Developmental screening tests, even those meeting standards for screening test accuracy, produce numerous false-positive results for 15% to 30% of children. This is thought to produce unnecessary referrals for diagnostic testing or special services and increase the cost of screening programs.
To explore whether children who pass screening tests differ in important ways from those who do not and to determine whether children overreferred for testing benefit from the scrutiny of diagnostic testing and treatment planning.

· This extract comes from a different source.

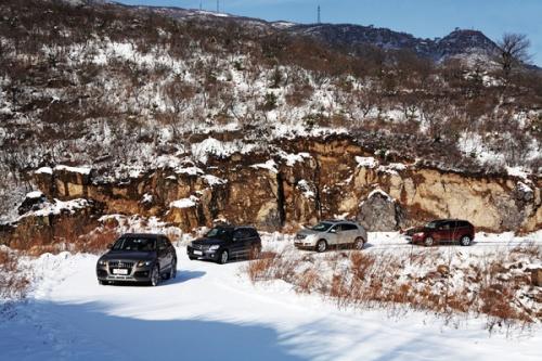 然后需要集中说明的是它们在雪地中的表现。我们曾在一条被积雪完全覆盖的道路上驾驶了好一会儿,经过反复的比较,我发觉XC60和SRX的表现几乎相差无几,两辆车在抓地力方面不存在什么明显的问题,最多只是在起步和停车时会发生一些打滑,它们最主要的问题是方向盘在这种情况下会完全丧失路感,这让人在驾驶时不免感到战战兢兢。Q5的情况要比前面提到的两台车稍好一些,但一旦稍微快一些就会让人产生信心不足的感觉,在同样的条件下quattro发生打滑的次数明显较SRX和XC60来得少。GLK无疑是在这种路面上表现最杰出的车型,在普通道路上略显闲散的方向盘在这种路面上却能得到充分的信息反馈,而且GLK是唯一在这种路面能让人放心给油快速前行的车辆,所以GLK无疑是在低牵引力条件的路面上表现最好的车型。

Subjects were a national sample of 512 parents and their children (age range of the children, 7 months to 8 years) who participated in validation studies of various screening tests. Psychological examiners adhering to standardized directions obtained informed consent and administered at least 2 developmental screening measures (the Brigance Screens, the Battelle Developmental Inventory Screening Test, the Denver-II, and the Parents' Evaluations of Developmental Status) and a concurrent battery of diagnostic measures, including tests of intelligence, language, and academic achievement (for children aged 2½ years and older). The performance on diagnostic measures of children who failed screening but were not found to have a disability (false positives) was compared with that of children who passed screening and did not have a disability on diagnostic testing (true negatives).
Children with false-positive scores performed significantly (P<.001) lower on diagnostic measures than did children with true-negative scores. The false-positive group had scores in adaptive behavior, language, intelligence, and academic achievement that were 9 to 14 points lower than the scores of those in the true-negative group. When viewing the likelihood of scoring below the 25th percentile on diagnostic measures, children with false-positive scores had a relative risk of 2.6 in adaptive behavior (95% confidence interval [CI], 1.67-4.21), 3.1 in language skills (95% CI, 1.90-5.20), 6.7 on intelligence tests (95% CI, 3.28-13.50), and 4.9 on academic measures (95% CI, 2.61-9.28). Overall, 151 (70%) of the children with false-positive results scored below the 25th percentile on 1 or more diagnostic measures (the point at which most children have difficulty benefiting from typical classroom instruction) in contrast with 64 (29%) of the children with true-negative scores (odds ratio, 5.6; 95% CI, 3.73-8.49). Children with false-positive scores were also more likely to be nonwhite and to have parents who had not graduated from high school. Performance differences between children with true-negative scores and children with false-positive scores continued to be significant (P<.001) even after adjusting for sociodemographic differences between groups.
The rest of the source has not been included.